■ **Work order**: Tally the lines in the data below where the word "products" appears, and give the tally alone.

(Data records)

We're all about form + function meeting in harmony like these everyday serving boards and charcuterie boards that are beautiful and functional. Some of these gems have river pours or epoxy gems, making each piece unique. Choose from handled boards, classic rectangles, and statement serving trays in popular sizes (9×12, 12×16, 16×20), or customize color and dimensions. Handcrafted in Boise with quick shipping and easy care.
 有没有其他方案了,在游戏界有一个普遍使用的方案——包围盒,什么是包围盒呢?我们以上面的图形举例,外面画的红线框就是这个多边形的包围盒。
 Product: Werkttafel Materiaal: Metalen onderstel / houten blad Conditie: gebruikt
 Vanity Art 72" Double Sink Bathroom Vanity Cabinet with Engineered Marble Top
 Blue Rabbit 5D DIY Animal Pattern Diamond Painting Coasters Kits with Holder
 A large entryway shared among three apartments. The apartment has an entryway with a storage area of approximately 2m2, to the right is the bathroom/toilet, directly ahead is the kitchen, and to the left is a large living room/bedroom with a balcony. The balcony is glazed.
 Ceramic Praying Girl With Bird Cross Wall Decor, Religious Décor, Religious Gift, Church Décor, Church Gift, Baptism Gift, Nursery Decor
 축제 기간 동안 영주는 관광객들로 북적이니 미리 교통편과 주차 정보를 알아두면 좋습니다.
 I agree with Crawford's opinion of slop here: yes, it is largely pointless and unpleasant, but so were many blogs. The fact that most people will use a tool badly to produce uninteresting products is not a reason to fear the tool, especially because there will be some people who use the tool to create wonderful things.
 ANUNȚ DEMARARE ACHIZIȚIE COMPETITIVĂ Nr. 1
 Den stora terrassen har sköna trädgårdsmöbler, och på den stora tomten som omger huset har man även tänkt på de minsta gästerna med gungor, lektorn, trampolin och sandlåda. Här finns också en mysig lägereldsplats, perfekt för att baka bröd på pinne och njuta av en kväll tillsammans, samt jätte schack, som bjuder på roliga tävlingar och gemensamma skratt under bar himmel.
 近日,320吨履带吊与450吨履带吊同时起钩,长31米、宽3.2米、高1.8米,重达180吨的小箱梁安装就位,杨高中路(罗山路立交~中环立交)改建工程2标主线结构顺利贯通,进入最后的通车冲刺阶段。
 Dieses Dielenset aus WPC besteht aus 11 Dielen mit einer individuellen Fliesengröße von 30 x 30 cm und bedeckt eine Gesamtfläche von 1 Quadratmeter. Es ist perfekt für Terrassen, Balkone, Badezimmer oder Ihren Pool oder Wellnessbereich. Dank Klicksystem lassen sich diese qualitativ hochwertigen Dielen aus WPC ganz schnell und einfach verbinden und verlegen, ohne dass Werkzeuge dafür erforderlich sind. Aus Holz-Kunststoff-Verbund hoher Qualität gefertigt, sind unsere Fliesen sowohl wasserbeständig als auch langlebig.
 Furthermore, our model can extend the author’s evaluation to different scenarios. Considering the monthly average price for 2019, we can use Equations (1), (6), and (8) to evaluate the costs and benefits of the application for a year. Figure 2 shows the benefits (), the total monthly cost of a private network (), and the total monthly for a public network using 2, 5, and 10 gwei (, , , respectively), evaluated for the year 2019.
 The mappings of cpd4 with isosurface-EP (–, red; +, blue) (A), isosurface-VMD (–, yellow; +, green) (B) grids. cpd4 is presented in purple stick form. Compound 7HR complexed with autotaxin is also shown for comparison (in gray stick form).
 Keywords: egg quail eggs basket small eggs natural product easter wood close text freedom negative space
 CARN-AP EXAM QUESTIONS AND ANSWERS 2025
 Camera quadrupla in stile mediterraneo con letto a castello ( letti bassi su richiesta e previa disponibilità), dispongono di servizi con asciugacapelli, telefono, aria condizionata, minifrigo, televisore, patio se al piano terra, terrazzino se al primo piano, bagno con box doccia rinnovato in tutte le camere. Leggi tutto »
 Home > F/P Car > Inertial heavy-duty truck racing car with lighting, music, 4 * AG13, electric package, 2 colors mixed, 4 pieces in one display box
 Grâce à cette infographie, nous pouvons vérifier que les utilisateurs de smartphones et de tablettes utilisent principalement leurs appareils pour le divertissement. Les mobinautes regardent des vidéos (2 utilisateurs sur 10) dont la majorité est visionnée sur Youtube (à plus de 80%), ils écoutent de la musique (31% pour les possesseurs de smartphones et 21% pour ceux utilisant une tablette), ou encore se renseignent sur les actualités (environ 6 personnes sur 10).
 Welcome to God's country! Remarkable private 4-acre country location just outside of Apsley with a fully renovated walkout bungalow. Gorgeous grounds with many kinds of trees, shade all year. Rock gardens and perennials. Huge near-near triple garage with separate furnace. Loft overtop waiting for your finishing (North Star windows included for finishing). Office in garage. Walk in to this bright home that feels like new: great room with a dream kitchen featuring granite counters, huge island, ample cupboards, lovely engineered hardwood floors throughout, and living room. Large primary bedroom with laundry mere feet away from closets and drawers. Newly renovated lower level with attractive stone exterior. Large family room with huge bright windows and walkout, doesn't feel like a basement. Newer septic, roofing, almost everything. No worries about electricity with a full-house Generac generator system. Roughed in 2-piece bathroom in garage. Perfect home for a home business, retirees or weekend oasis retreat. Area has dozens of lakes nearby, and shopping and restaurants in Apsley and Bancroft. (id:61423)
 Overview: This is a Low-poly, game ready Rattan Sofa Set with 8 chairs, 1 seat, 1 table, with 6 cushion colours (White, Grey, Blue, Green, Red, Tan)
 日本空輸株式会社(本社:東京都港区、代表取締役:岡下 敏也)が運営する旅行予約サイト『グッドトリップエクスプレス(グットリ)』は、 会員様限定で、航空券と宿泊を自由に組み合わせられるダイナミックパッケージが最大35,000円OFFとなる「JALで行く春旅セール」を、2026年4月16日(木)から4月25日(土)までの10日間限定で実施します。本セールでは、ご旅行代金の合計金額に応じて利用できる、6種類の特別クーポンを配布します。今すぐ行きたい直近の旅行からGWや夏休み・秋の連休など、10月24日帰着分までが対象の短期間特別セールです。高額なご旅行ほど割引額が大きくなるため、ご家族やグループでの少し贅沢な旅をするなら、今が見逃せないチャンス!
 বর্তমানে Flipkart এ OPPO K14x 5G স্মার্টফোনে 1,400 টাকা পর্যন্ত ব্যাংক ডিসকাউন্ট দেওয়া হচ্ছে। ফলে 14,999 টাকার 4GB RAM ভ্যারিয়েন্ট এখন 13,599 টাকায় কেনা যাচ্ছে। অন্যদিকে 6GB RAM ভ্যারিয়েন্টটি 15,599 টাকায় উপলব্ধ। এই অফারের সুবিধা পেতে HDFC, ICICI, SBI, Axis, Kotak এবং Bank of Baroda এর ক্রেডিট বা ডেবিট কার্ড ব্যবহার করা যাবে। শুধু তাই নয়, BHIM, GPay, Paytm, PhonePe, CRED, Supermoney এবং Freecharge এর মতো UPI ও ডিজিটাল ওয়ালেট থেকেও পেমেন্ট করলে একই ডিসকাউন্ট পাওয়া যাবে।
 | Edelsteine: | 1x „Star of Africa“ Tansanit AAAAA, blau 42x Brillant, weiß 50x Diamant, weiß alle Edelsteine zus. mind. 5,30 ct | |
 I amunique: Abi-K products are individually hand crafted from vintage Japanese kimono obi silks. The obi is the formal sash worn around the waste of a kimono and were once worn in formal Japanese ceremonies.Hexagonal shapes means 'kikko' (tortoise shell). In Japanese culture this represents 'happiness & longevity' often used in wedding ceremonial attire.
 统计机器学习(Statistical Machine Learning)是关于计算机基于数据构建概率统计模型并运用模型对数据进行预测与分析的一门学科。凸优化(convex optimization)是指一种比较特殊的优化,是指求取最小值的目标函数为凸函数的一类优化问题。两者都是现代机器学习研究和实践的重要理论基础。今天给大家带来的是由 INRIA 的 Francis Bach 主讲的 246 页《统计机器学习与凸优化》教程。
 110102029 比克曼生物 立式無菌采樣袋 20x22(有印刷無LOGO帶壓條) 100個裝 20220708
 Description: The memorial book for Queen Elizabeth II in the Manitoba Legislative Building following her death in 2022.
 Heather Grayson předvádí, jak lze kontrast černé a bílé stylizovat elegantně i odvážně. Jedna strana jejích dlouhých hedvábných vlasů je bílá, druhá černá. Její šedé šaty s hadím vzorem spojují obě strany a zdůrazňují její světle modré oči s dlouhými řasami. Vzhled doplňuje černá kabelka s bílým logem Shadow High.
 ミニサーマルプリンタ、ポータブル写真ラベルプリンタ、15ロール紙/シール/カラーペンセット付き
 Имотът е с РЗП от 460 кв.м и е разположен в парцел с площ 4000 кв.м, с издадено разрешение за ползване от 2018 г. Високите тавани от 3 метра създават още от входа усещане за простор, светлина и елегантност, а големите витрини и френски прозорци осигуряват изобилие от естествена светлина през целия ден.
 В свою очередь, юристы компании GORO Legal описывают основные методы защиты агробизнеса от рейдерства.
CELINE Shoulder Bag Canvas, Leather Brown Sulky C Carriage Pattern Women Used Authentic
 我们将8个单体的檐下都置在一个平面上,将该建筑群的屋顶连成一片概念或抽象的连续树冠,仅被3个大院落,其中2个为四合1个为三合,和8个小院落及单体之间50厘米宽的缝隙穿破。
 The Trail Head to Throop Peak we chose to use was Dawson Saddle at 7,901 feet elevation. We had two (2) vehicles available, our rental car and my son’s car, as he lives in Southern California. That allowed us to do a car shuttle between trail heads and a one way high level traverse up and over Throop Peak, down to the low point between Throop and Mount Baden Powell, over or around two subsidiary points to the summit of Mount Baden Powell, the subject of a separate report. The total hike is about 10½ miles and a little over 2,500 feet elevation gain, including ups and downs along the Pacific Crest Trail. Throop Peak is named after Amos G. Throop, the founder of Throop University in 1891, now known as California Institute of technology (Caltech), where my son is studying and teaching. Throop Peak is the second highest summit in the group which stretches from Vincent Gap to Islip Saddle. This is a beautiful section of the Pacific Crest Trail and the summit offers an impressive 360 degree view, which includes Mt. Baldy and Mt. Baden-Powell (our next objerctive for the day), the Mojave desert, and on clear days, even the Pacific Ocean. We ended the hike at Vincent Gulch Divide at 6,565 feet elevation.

■ **Result of this exercise**: 2